Let's follow my instructions step by step.
I said to
1) graph the hyperbola and
2) evaluate it at certain points.
When I evaluate it, I get

x = 0 1 2 3 4 [1]
y = 1 1/2 1/3 1/4 1/5 [2]

And we can compare that with the terms in
Paul's series:
1/2 1/4 1/6 1/8 ... [3]

It seems to me that sequence [2] has a fairly
obvious relationship to sequence [3].

OK, I'll admit I pulled a fast one by discussing
sequence [2] rather than [3] which was requested,
but I had a good reason for doing so. Sequence
[2] is the standard form. It is so well known
that it has a name: the harmonic series.

....
you suggest a Taylor series for - log(1 + x).
What does this function have
to do with the series 1/2 + 1/4 + 1/6 + . . .?

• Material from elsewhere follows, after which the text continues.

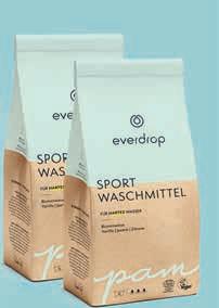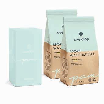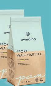 In Zusammenarbeit mit der Fitness-Influencerin Pamela Reif hat das Münchner Start-up everdrop ein nachhaltiges Waschmittel speziell für Sportkleidung entwickelt. Statt Mikroplastik und schädliche Chemikalien kommt ein natürliches Enzym zum Einsatz, welches die gleiche Reinigungsleistung wie herkömmliche Waschmittel erzielt. Ätherische Bio-Öle verleihen den Wäschestücken einen angenehmen Duft, der sehr stark an eine Blumenwiese erinnert.

Answer #1: Trust me. Try it and see what happens.

Answer #2: As I mentioned farther down in my previous
note, it's hardly surprising that the sum of 1/n
should be closely related to the integral of 1/x.

This, too, is a completely standard technique.
Ever hear of "the integral test" for checking
the convergence of series? It's a particularly
simple application of this idea.

If you ever need to approximate a series, this
should be one of the first things you try.

=====================

BTW, nobody seems to have responded to the challenge
in my note from yesterday. There is another closed-
form expression, which I hinted at but didn't give
explicitly.

Additional hint: Chords, not stairs.

Yet another hint: Even though it is not kosher to
re-arrange terms of a nonconvergent infinite series,
you can re-arrange a _finite_ series to your heart's
content.